When you first started out, you worked as a server at Balthazar. Have you read Keith McNally’s book yet?
I actually just bought it. I haven’t read it yet, but his Instagram is absolutely a trip to read and such a joy. From a writing perspective, it’s like: I’m not trying to frame this, I’m not trying to get a joke, I’m writing what happened. We all gotta just be saying exactly what happened.
You’ve collaborated a lot with your friends. Can you tell me a little about that?

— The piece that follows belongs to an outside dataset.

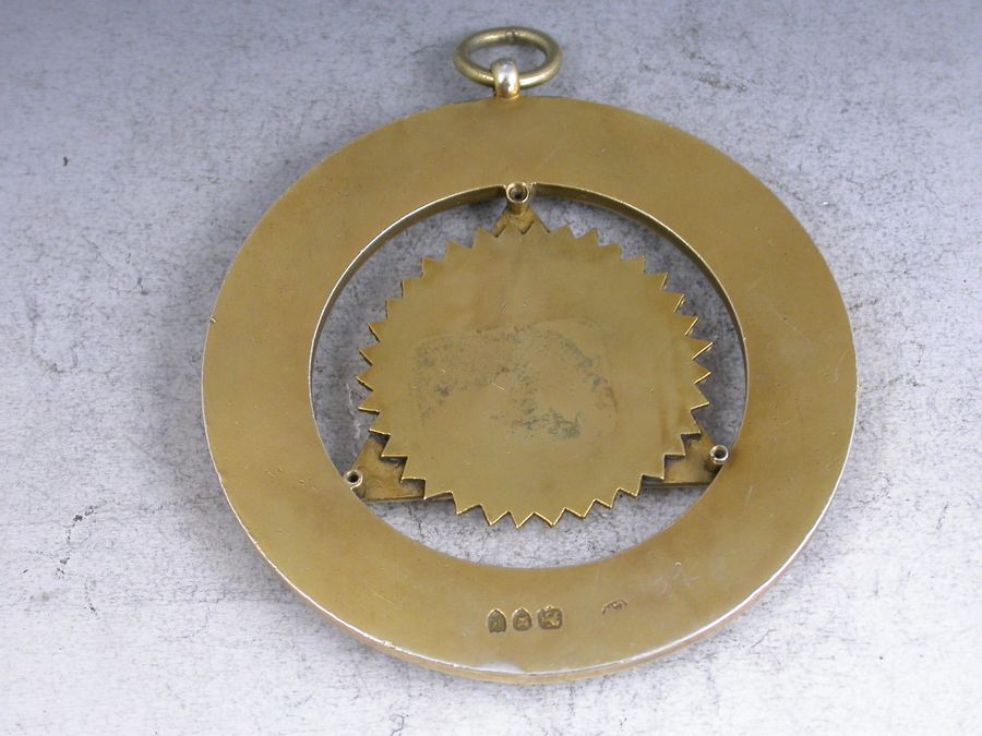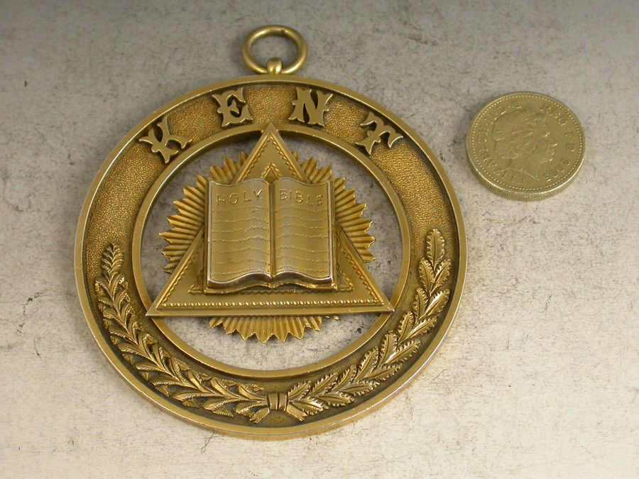 A Victorian silver gilt Masonic Badge / Medal depicting the Holy Bible on top of a triangle and rising sun, the border with a laurel wreath and the word 'KENT' on a matt back-ground, with attached suspension ring.

People always say, don’t work with your friends. I do. I’m like the poster child for working with your friends. We’re all in the circus together. I’m, unfortunately, just not friends with any doctors. With this project Sophie [Brooks] is one of my best friends. Being able to have this opportunity as an actor—but also getting to help my friend make her second movie—I’m so proud and excited. If I can help in any way I don’t know why I wouldn’t, both with my friends and other women. Nicole Kidman pledged that she would work with a certain amount of female directors, and then exceeded that. I don’t really see any younger women doing that or any other women that are really as big as Nicole. I don’t know why that’s not in the narrative anymore. I hope that other people will start doing more because that’s the only way to have more female directors.
In many ways Oh, Hi! is as much about friendship as it is romance.
What I’ve learned through my trials and tribulations of dating is: the men, the women, anyone, the lovers, the situations, they come and go, but your friends are forever. That’s where you’ve got to be putting your love into.